My son went to bed at 8:14pm. My wife will be home at 9:30pm. That gives me 1 hour and 16 minutes to be productive. Now what?
Well, I really really really want to:
– Write a couple blog posts for the week.
– Keep working on the new IGotNewsForYou site (to be launched soon)
– Catch up on my blog reading.
– Finally get going on that technical document I was supposed to write last week.
– Email the guys at the office about tomorrow (I won’t be in, they need instructions).
– Catch up on my email, responding to a few people.
– Respond to David Seah who wrote a great follow-up post about ideas in response to my argument that ideas are NOT worthless (in which I link to one of his past articles saying that ideas are worthless.)
All of this has been swimming through my head all weekend, and I’ve had very little time to do any work. Weekends are meant for fun anyway, but when I have to take a day off the following week it sets me into a bit of a panic.
So, that’s my rough sketch of a to-do list. Super. But what really goes through my head is something like this:
“Wow, I’m exhausted. Chasing the kid around all day has worn me out.”
“I haven’t been able to follow the NHL’s free agency craziness, which started yesterday.”
“That couch looks COMFY.”
The brain pipes up, “Ben. Focus.” Right, sorry brain…but…
“I should check my email one more time.” Done. Nothing to report.
“Is that my stomach rumbling? I wonder if there are any cookies left?” Yes, there are. Grab a couple.
“I wonder how my blog traffic is doing?” Eh. Comme ci comme ca.
Crap, it’s 8:25pm, what have I done so far? Oh oh.
The above tale is a common one for anyone that has a busy life, particularly a life that involves a LOT of activity outside work. If you constantly work, including weekends, then you’re used to staying focused on that, but when you’ve got a young kid (almost 2!) and a wife who is working late, and a day off the next day to take care of the kid (who’s daycare is closed), and you’re STILL cleaning your damn house constantly cause no one has bought it yet…well, you’re distracted, extremely busy and time becomes an impossible commodity.
And when you finally get an hour or two alone to get some actual work done, you falter – distracted by everything around you, but more importantly, panicked by trying to squish 50,000 tasks into 50 seconds.
Now there’s no question: there’s a ton of ways to get organized and stay organized. There are entire concepts (like Getting Things Done) designed to help you be more productive. But you still can’t force-feed productivity.
Sometimes the best thing to do is “give up,” and do something other than those “productive tasks.” In fact, taking a bit of time out for yourself will
help you be more productive in the long run.

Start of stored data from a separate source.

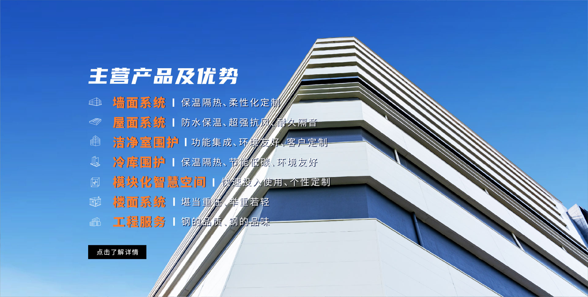 墻面系統 屋面系統 樓面系統 建筑鋼結構 潔凈室圍護 冷庫圍護 得默產品系列 全面解決方案
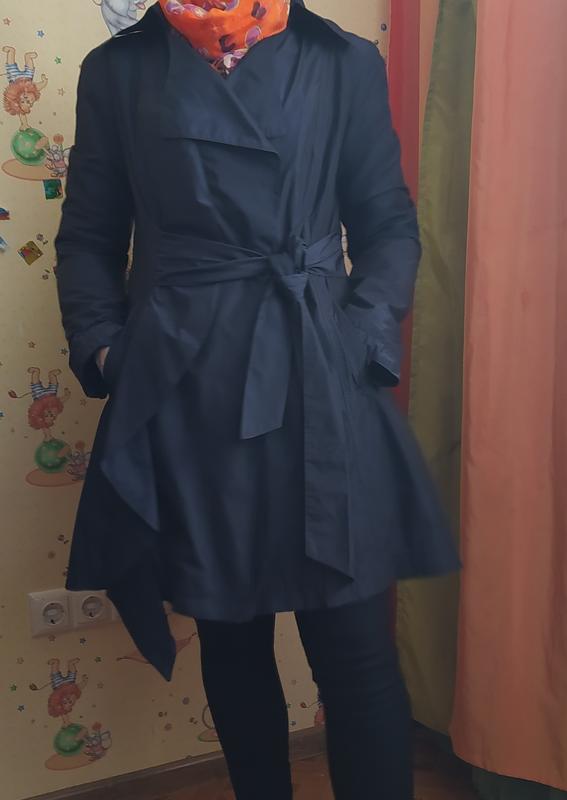 дуже красивий плащ, якісна дорога тканина.є підкладка. Молодіжний пошиття. Підійде 42_46р, якщо перешивати кнопки.колір темніший як на фото
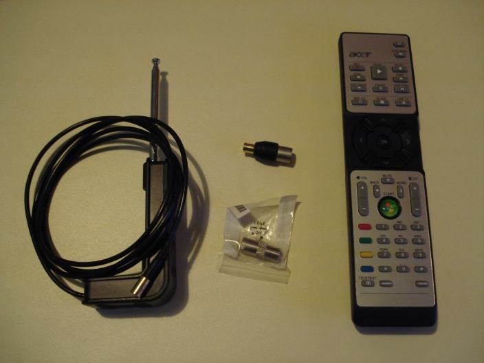 - digitalni TV tuner - TV Aver A310 (daljinski, antena, konektori)
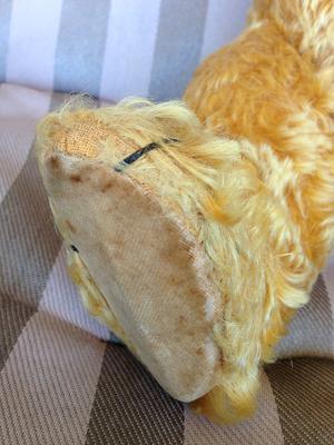 I found this bear at a local rubbish dump and rescued him. He is about 50cm from top of head to toes, his head, arms and legs fully articulate, his filling is crinkly, his muzzle is rough, he has a hard oval item under his tummy, his hand and foot pads are velvety to touch, he has hard eyes (brown iris with black centre), sewn brown nose and mouth, his foot pads are hard but hands are soft, his fingers and toes are delineated with dark stitches, he is in good condition with even fur of golden colour. No tags.
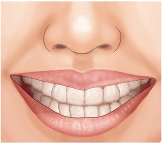 もしも、ガミースマイル修正手術をして、思いっきり唇を上げて笑っても全く歯茎が見えないようにするのであれば、巨大な耳介軟骨を移植しなければならないし、そもそも思いっきり笑っても全く歯茎が見えない顔は非常に不自然で表情の固まったおかしな状態になるので、そのようなことは通常しません。
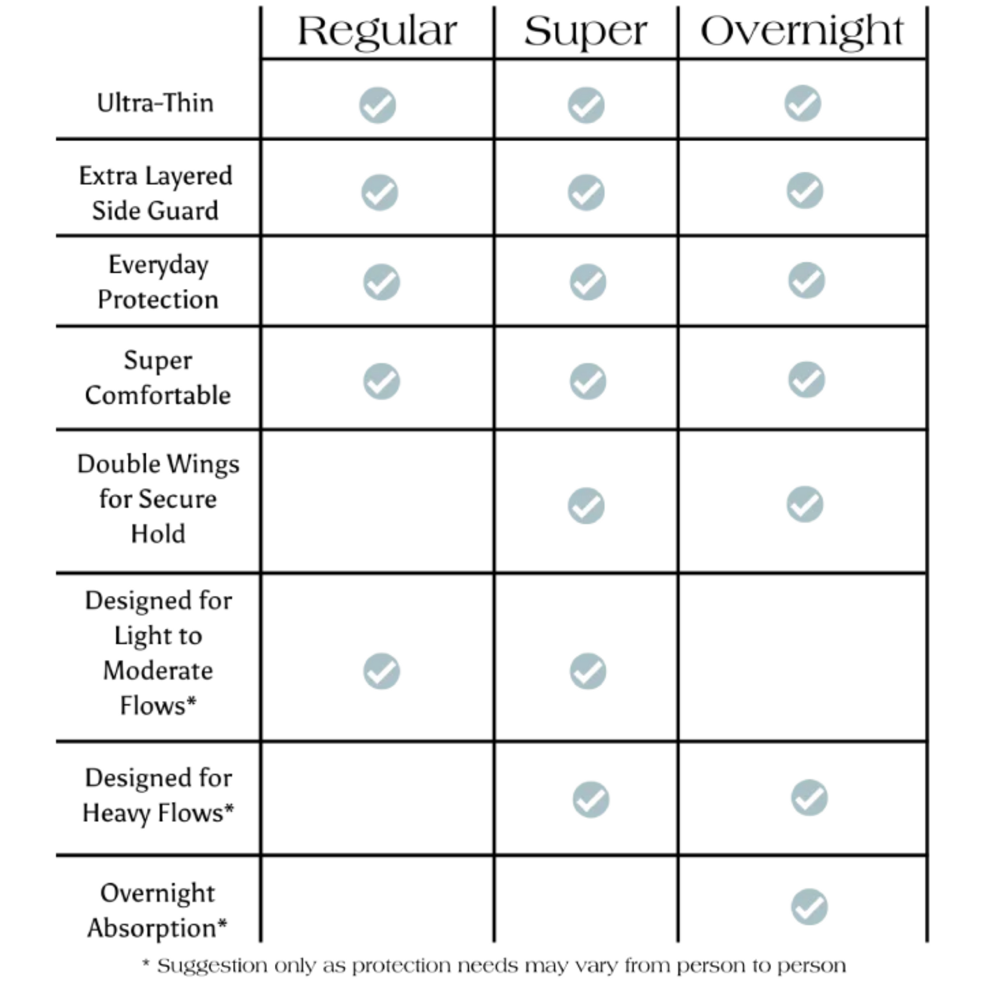 Our pads are designed in different sizes to give you comfort and protection all day and night.
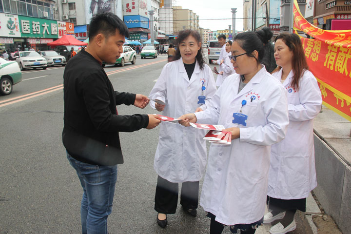 根据长春市卫计委“关于做好《献血法》实施20周年无偿献血相关工作的通知”要求,我院于2018年9月5日由输血科白茹副主任带领科室两名工作人员到街内进行无偿献血宣传。- 上一条: 献血屋参加义务献血
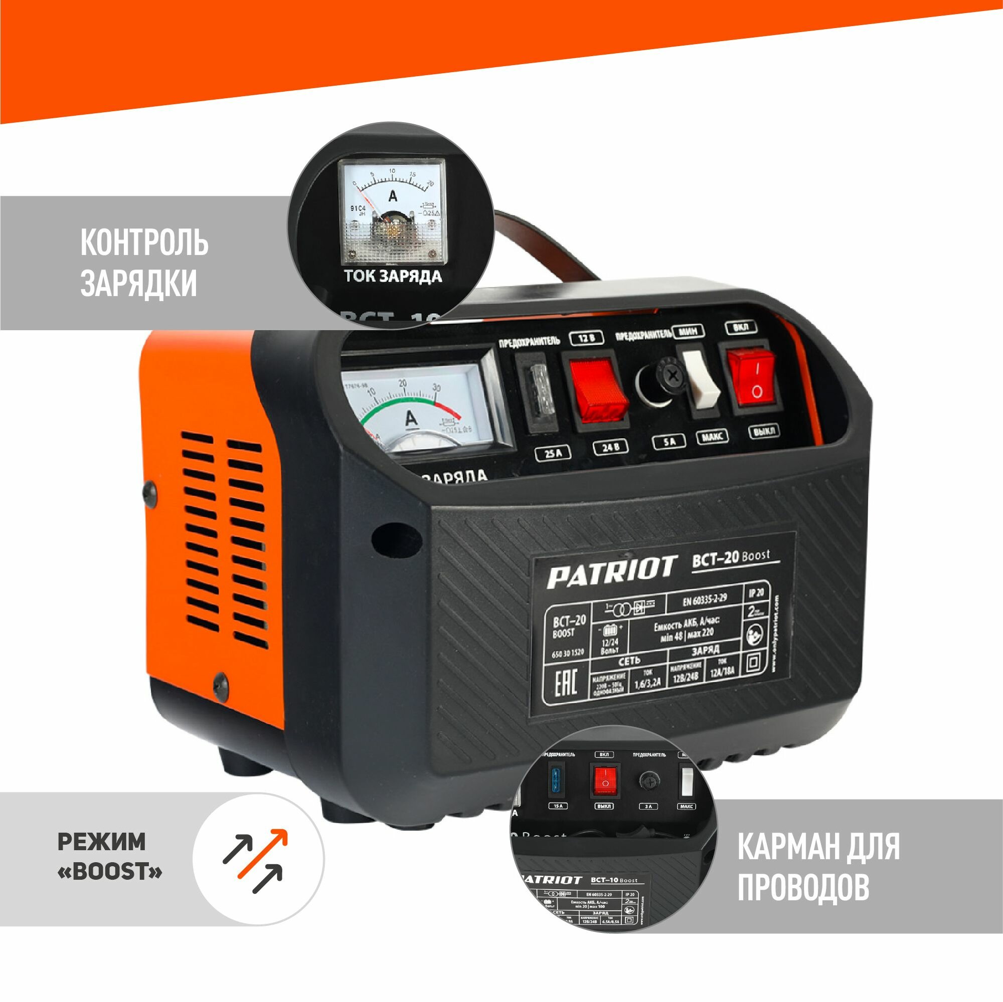 Устройство пуско-зарядное PATRIOT BCT-20 Boost 220В±15% 700Вт 12/24В зарядmax18А 48-220А/ч 6.2кг
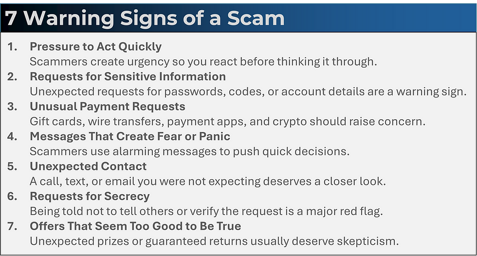 Scammers succeed when people feel rushed, uncertain, or distracted. Recognizing these warning signs helps you respond calmly and confidently.
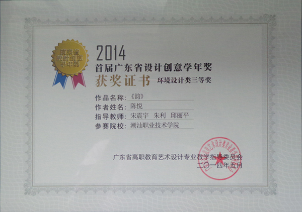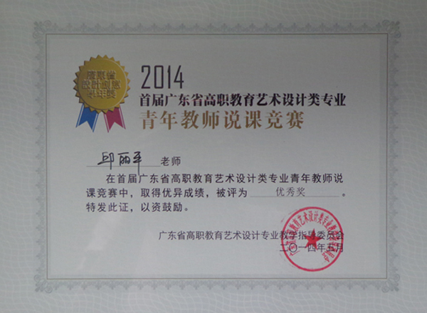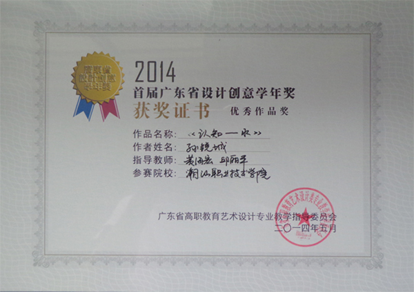 5月23日至25日,2014年广东省高职教育艺术设计类专业教学指导委员会年会在广州番禺职业技术学院召开。本届年会围绕高职艺术设计专业教学改革而展开,会议期间,举办“2014首届广东省设计创意学年奖”评比和“2014首届广东省高职教育艺术设计专业青年教师说课竞赛”。 来自广东省41所高职院校艺术设计类作品参加了首届广东省设计创意学年奖的评比,经大赛评审专家组评审、组委会审定,我院数字系由宋震宇、朱利、邱丽平三位老师指导的室内设计专业陈悦同学的作品《韵》获环境设计类三等奖,由黄海宏、邱丽平老师指导的广告设计专业孙锐城同学的作品《认知-水》获视觉设计类优秀奖。 陈悦同学的作品《韵》获环境设计类三等奖 孙锐城同学的作品《认知-水》获视觉设计类优秀奖 在首届广东省高职教育艺术设计专业青年教师说课竞赛中,41所高校的参赛教师进行现场竞技。经过激烈的角逐,我系贾晓华老师获得环艺组三等奖,邱丽平老师获得视觉传达组优秀奖。 邱丽平老师获得视觉传达组优秀奖
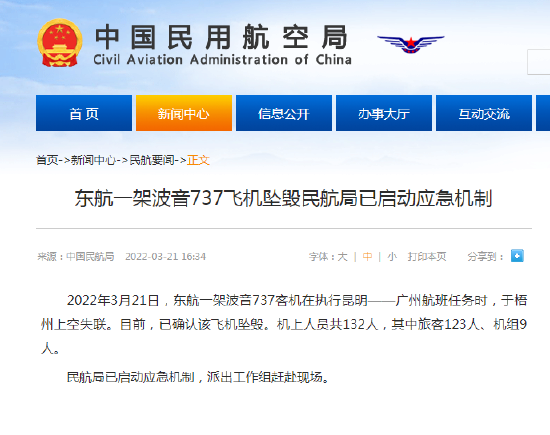 2022年3月21日,东航一架波音737客机在执行昆明——广州航班任务时,于梧州上空失联。目前,已确认该飞机坠毁。机上人员共132人,其中旅客123人、机组9人。
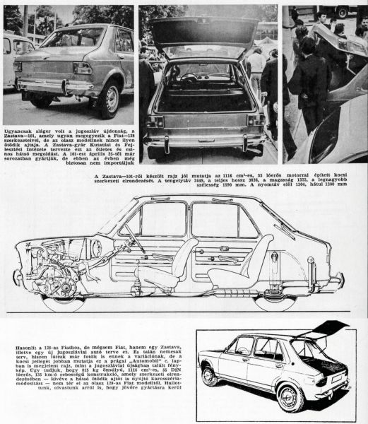 Bár az 1971-es Belgrádi Autószalonon debütált Zastava 101-est nem csak a keleti, hanem a nyugati piacokra is exportálták, a Simca 1100-astól ellesett hátsó kialakítás nem volt elég a jugoszlávok dicsőségéhez. Olasz származása azonban nem akadályozta meg a sikerét, hiszen változtatás nélkül került gyártásba, orrában ott dolgozott az Aurelio Lampredi-féle 1116 köbcentis, 55 lóerős, felülvezérelt, felülszelepelt (SOHC) motor. A rossz utakon jól teljesítő, független felfüggesztés, az élénk kormányzás és az erős fék megfelelt az aktuális nyugati színvonalnak. Kényelme és praktikuma az alapesetben 325 literes, a bővítés után 1010 literes csomagtartóval a legtöbb korabeli riválisán túlmutatott.
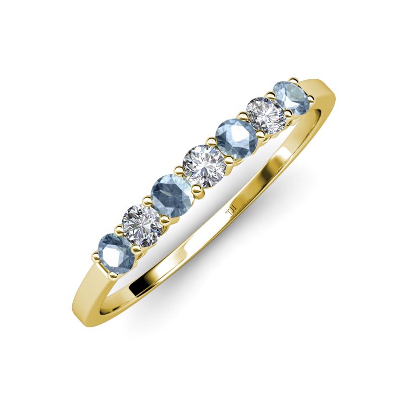 Aquamarine and Diamond 0.62 ctw 7 Stone Side Gallery Womens Wedding Band Stackable 18K Yellow Gold More Details ...
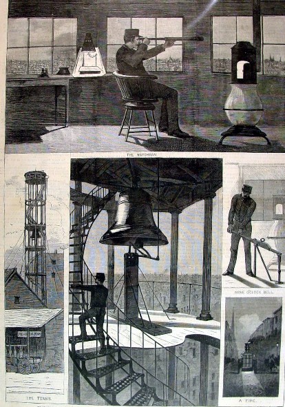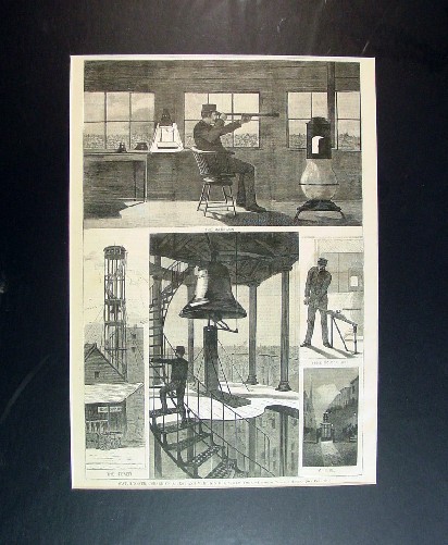 Winslow Homer 1874 Matted Wood Engraving "WATCH-TOWER CORNER OF SPRING AND VARICK STREETS, NEW YORK"
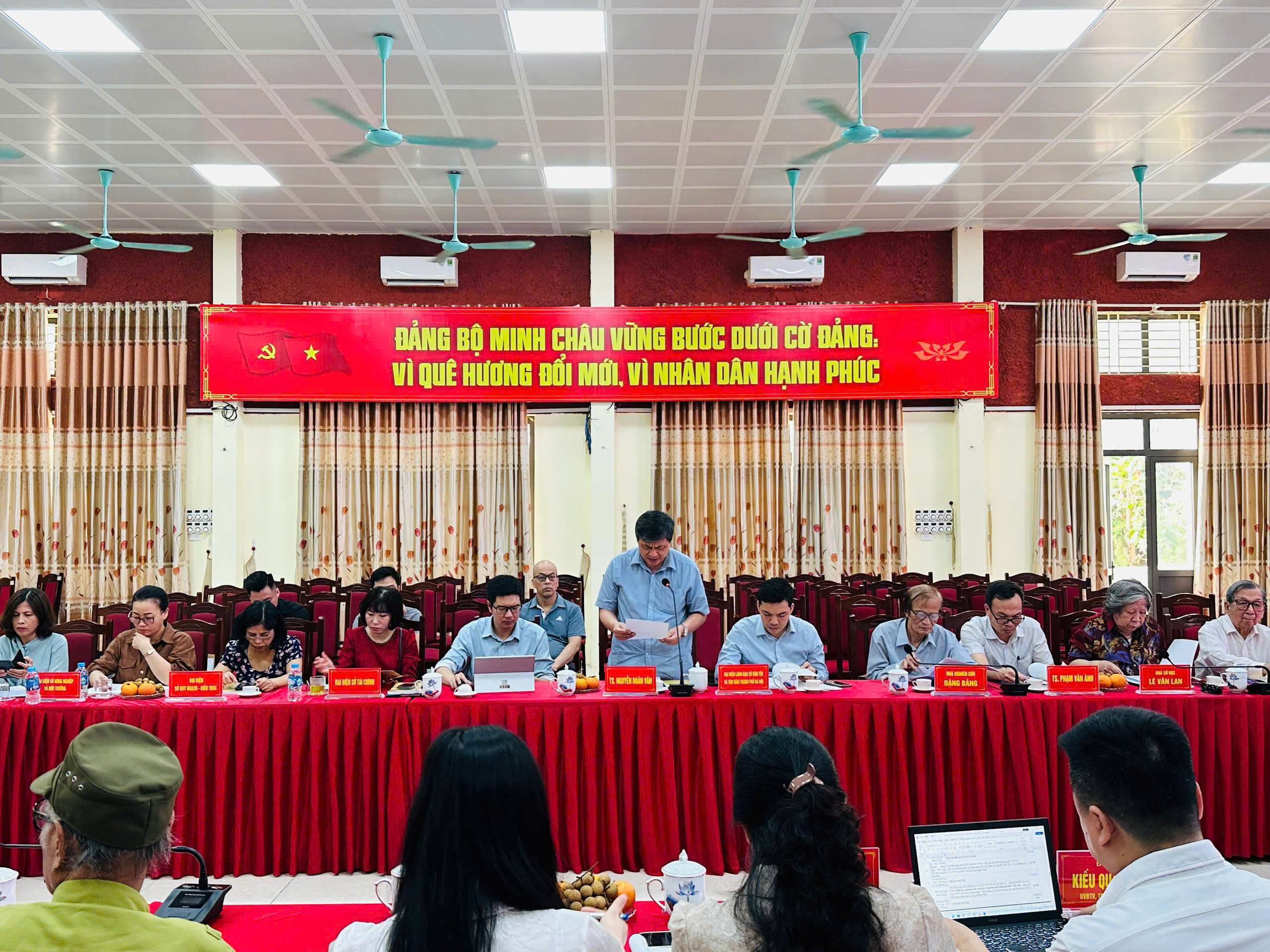 Chủ trì hội thảo khoa học: Đồng chí Nguyễn Đức Tiến – Bí thư Đảng ủy, Chủ tịch HĐND xã Minh Châu; PGS. TS Trần Đức Cường – Chủ tịch Hội Khoa học lịch sử Việt Nam; GS.TS Nguyễn Quang Ngọc – Phó Chủ tịch Hội Lịch sử Việt Nam. Đại diện các Sở, ngành, Trường Đại học Khoa học xã hội và Nhân văn Hà Nội, Viện Văn học Việt Nam; Đồng chí Nguyễn Huy Nhung – Phó Bí thư Thường trực Đảng ủy, Chủ nhiệm UBKT xã Minh Châu; Đồng chí Đinh Tuấn Anh – Phó Chủ tịch UBND xã Minh Châu; Các chuyên gia, các nhà khoa học: GS. Lê Văn Lan, PGS. TS Trần Lâm Biền, Nhà nghiên cứu Đặng Bằng; Đại diện lãnh đạo các phòng, ban của UBND xã Minh Châu; Các cơ quan thông tấn, báo chí…
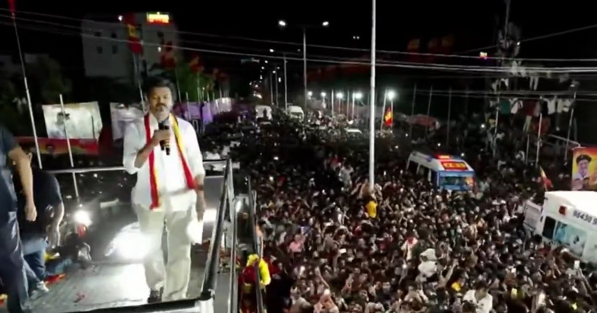 یہ حادثہ 27 ستمبر کو اس وقت پیش آیا جب وجے کی ریلی میں اچانک بجلی گل ہو گئی۔ عینی شاہدین کے مطابق اندھیرا چھا جانے پر لوگوں میں خوف و ہراس پھیل گیا اور شرکا متبادل بجلی کے انتظامات اور نکاس کے دروازوں کی طرف بھاگنے لگے۔ اسی دوران بھگدڑ مچ گئی جس میں خواتین اور بچوں سمیت 41 افراد جان سے ہاتھ دھو بیٹھے جبکہ 110 سے زیادہ زخمی ہوئے۔ سرکاری اعداد و شمار کے مطابق اب تک 51 زخمی صحتیاب ہو چکے ہیں۔

Step out, go do something fun, relaxing and/or mindless; your to-do list is still percolating and prioritizing in your brain (which is a great multi-tasker even if you don’t realize it.) Come back to the task-at-hand a bit more refreshed and ready to take charge. And even if you don’t get back to that to-do list right away and take a more significant time “off” you’ll thank yourself for it.